Truly, if we are going to take the Sabbath seriously, not in
a Pharisaic way, but in a Jesus way, then we have to learn how to “waste” time
on God, because that is what it seems like from a human perspective.
John Killinger tells about a time when he visited
Sacre-Coeur—the church built on top of Montmartre, the hill overlooking Paris.
Killinger writes,
There I watched a little peasant woman,
dressed all in black, having her meditations in the middle of the day. Her head
was bowed at prayer. She was totally oblivious to all the people rushing about
the cathedral.
By midday in any of the big tourist
cathedrals, groups have made their way inside. Busloads of people from all the
countries of the world stumble against one another, trying to see in the
semi-darkness after they’ve come in from the bright outdoors.
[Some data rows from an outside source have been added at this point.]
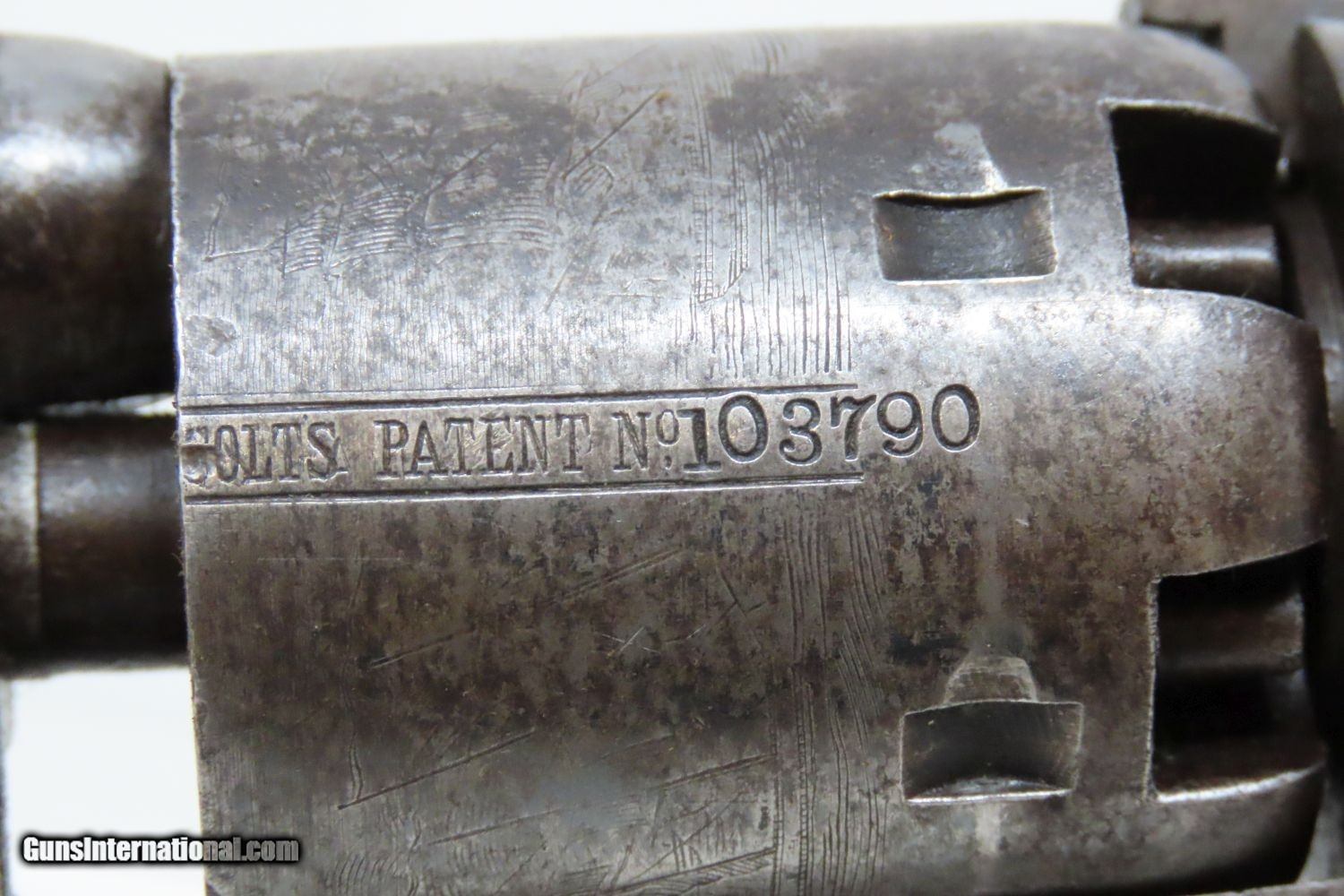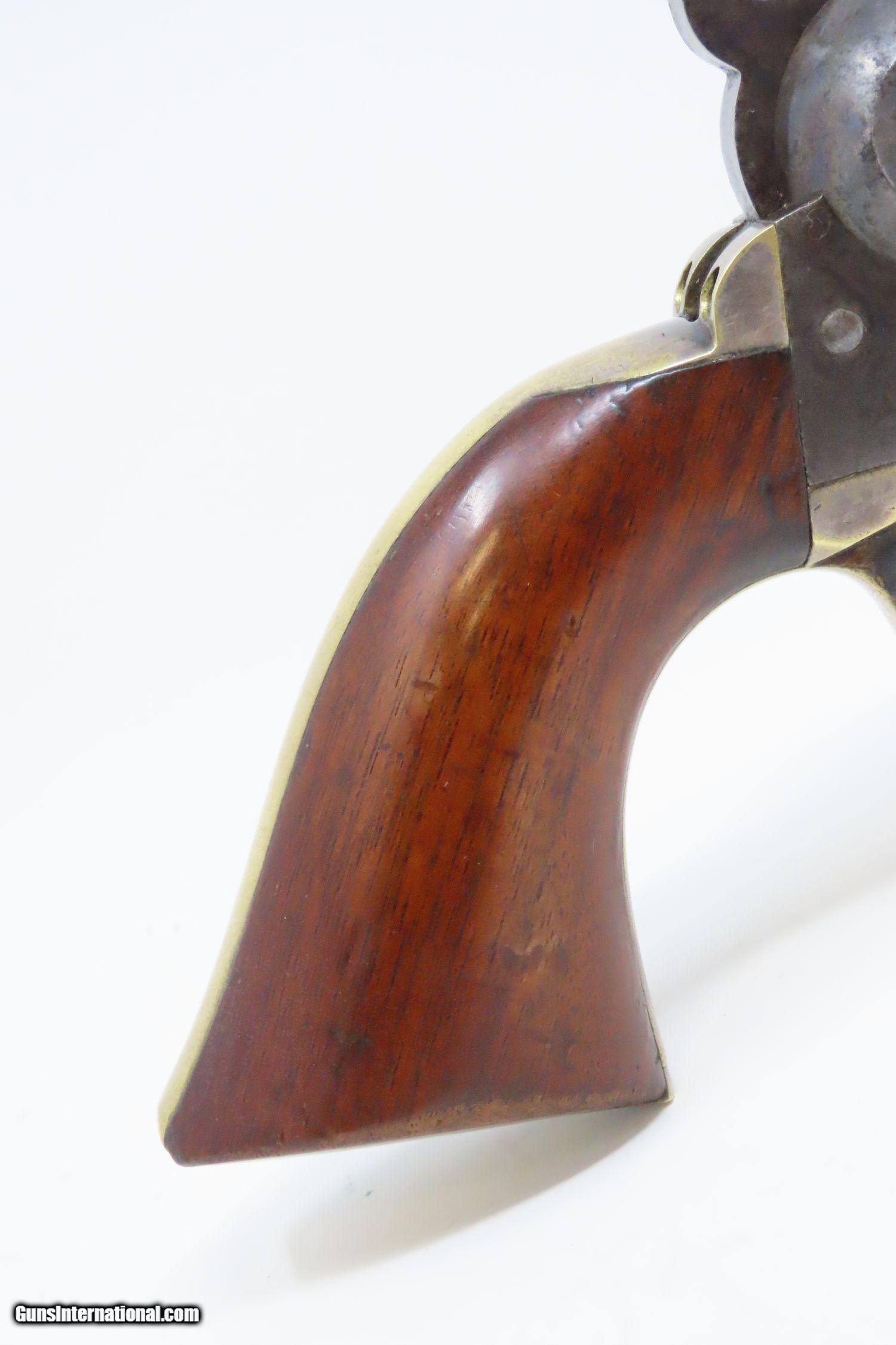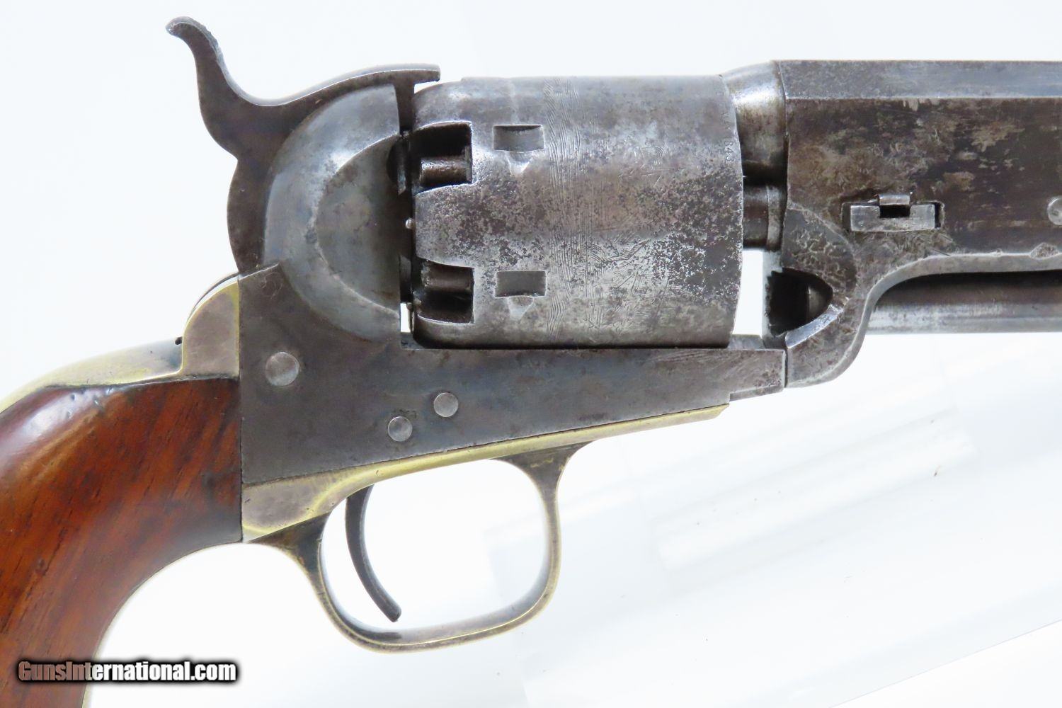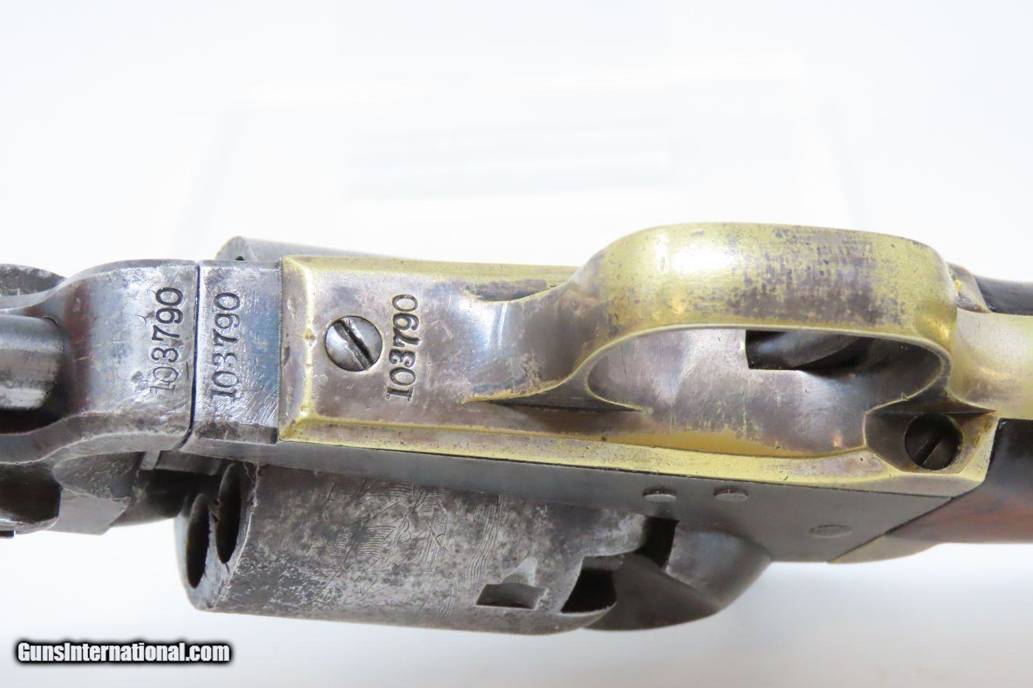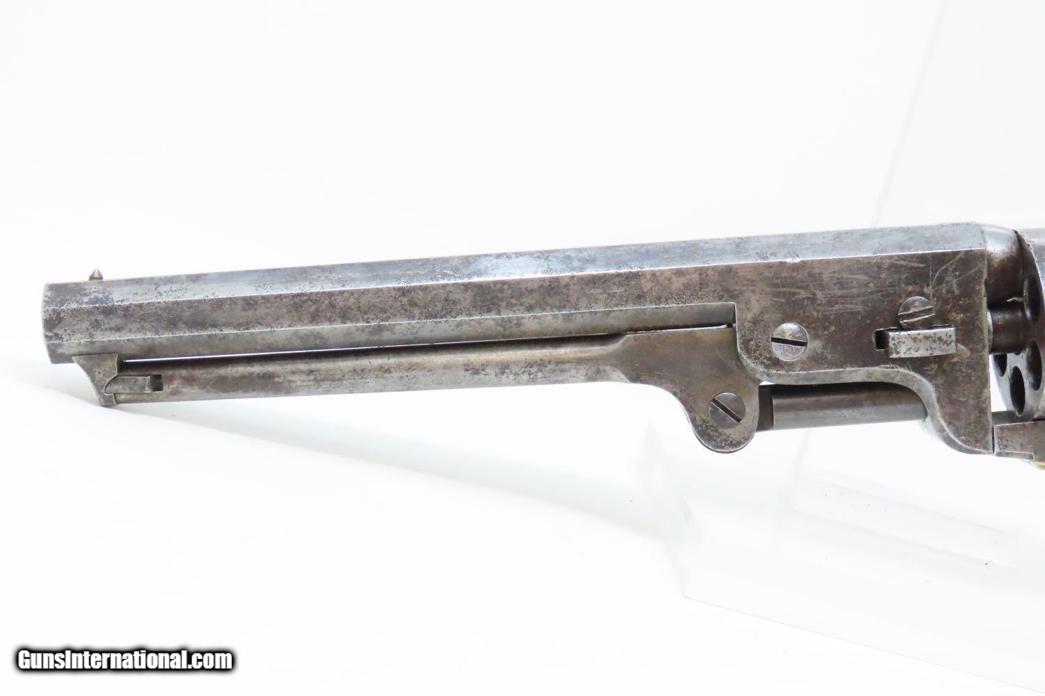 Description: CIVIL WAR Era Antique COLT Model 1851 NAVY .36 Caliber PERCUSSION Revolver Manufactured in 1861 with BELT & TOOLED HOLSTER! Here we present an antique Colt Model 1851 Navy Percussion Revolver, made in 1861 in Hartford, Connecticut. The 1851 Navy was one of Colt’s most famous and successful lines, reaching a production total of 257,348 from 1850 to 1873 (right up to the time of SAA production) from both Hartford and London factories. From Hartford alone, 185,000 were made by the end of the American Civil War. Many of these saw service during the conflict on both sides. There were some military purchases and lots of private purchases by soldiers going off to war. In addition, the Model 1851 was carried by Confederate General Robert E. Lee and was a favorite of “Doc” Holliday and “Wild Bill” Hickok, who carried two of these most famously in his red sash. Truly, the Colt 1851 Navy revolver ushered in the era of the gunfighter. Among the many guns that were used on the western frontier, none was more popular in its day than the Colt percussion revolver designated the 1851 Navy. This single action revolver weighed in at roughly 42 ounces. Prior to the Navy's introduction, hand gunners had to make do with the Colt Walker and Dragoon revolvers, both of which weighed over four pounds. These big guns were best suited for carry in pommel holsters on the saddle. The Colt Navy was the first popular single-action revolver that could be worn comfortably on the belt. Prior to the beginning of the Civil War, the state of Missouri was a hotbed of trouble that often broke out in shooting fights. Bill Anderson, Jesse and Frank James, and the Youngers all cut their teeth on this border trouble and were ready to go when leaders like William Quantrill enlisted them in his guerilla band during the war. The boys from Missouri became quite proficient with their six-guns and generally carried a brace of Dragoons on their saddle pommels and a brace of Navy revolvers on their hip. The overall condition is very good. The action is excellent with a tight lockup. Great bore with sharp rifling. The grip is in great shape with expected handling wear. Numbers match. The Battle of Campeche cylinder scene remains quite clear! A very nice Colt 1851 Navy with a very handsome tooled leather holster and belt! Own the original! This is a legitimate antique and not a reproduction. Barrel is 7-1/2 inches. Caliber: .36 Overall condition as seen in photos. Very Fast. Very Safe. FREE SHIPPING WORLDWIDE. Delivered directly to your door by express mail! Guaranteed AUTHENTIC & Includes CERTIFICATE OF AUTHENTICITY. ancestryguns $3915 #210332 SOLD Antique: Yes |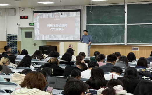 为落实学校“国际视野”育人理念,拓宽新生国际视野,引导其科学规划学业生涯,11月13日,经济法学院(知识产权学院)举办2025级本科新生“国际化意识培育与提升”入学教育讲座。西北政法大学国际处韩烨、贠子璇老师受邀主讲,经济法学院(知识产权学院)2025级全体新生到场聆听。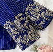 Here is a beautiful Hand embroidered zardosi work saree blouse in beautiful royal blue color that has V neck design front and back with intricate heavy zardosi hand embroidery details with stripes background as shown!! Runs with any self or contrast color saree ! Please message us for any color / size customization !!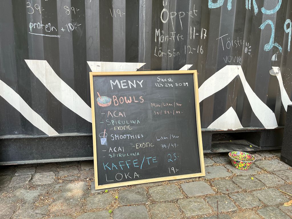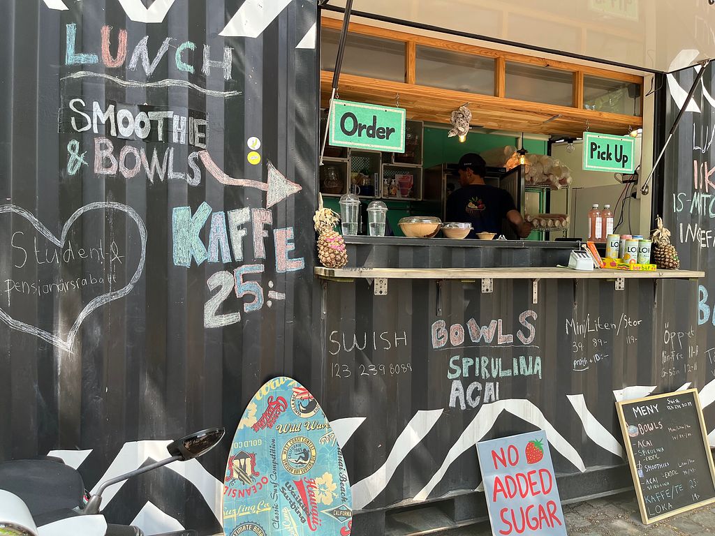 Offers smoothies, smoothie bowls, coffee and healthy snacks located in a container at Kungstorget, between Saluhallen and the canal. All products are vegan, eco-friendly and completely free of added sugar. Signature dish is smoothie bowls based on either acai or spirulina. Toppings include fresh banana, fresh strawberries, fresh kiwi, cocoa nibs, goji berries, granola (may contain traces of nuts), chia seeds, and peanut butter. Reported closed August 2023.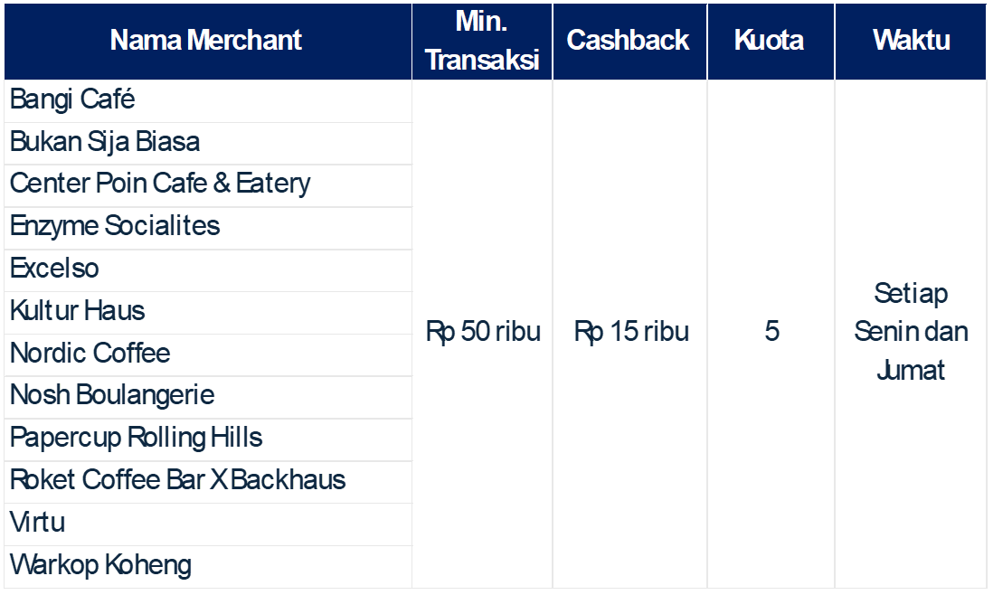 - Cashback dalam bentuk saldo akan dikreditkan ke rekening nasabah penerima program akan diberikan pada hari Jumat di minggu depan

These people
strain to hear what their guides are saying, pushing and shoving to get closer
to this or that site. The crowds are trying to understand and see everything in
as brief a time as possible so they can be off to the next place.
In all that hustle and bustle, this
little woman sat stolidly with her head bowed, paying no attention to any of
the confusion. As I watched, I thought of the text, “Be still, and know that I
am God.” She was being still, almost to a fault, in the midst of the hubbub.
We are all so much like those tourists, are we not? We want
to get in touch with something or someone beyond ourselves, but we want to do
it quickly and efficiently. Frankly, I don’t think we can remain like those
tourists and still get in touch with God; pre-packaged tours of the infinite,
seldom work.
The good news is: God wants to give us rest from being the
tour guides of our own lives; he wants to give us rest from rule keeping. God
wants to give us rest, both physical and spiritual. The question is: will we
receive the radical rest God wants to give us through Jesus?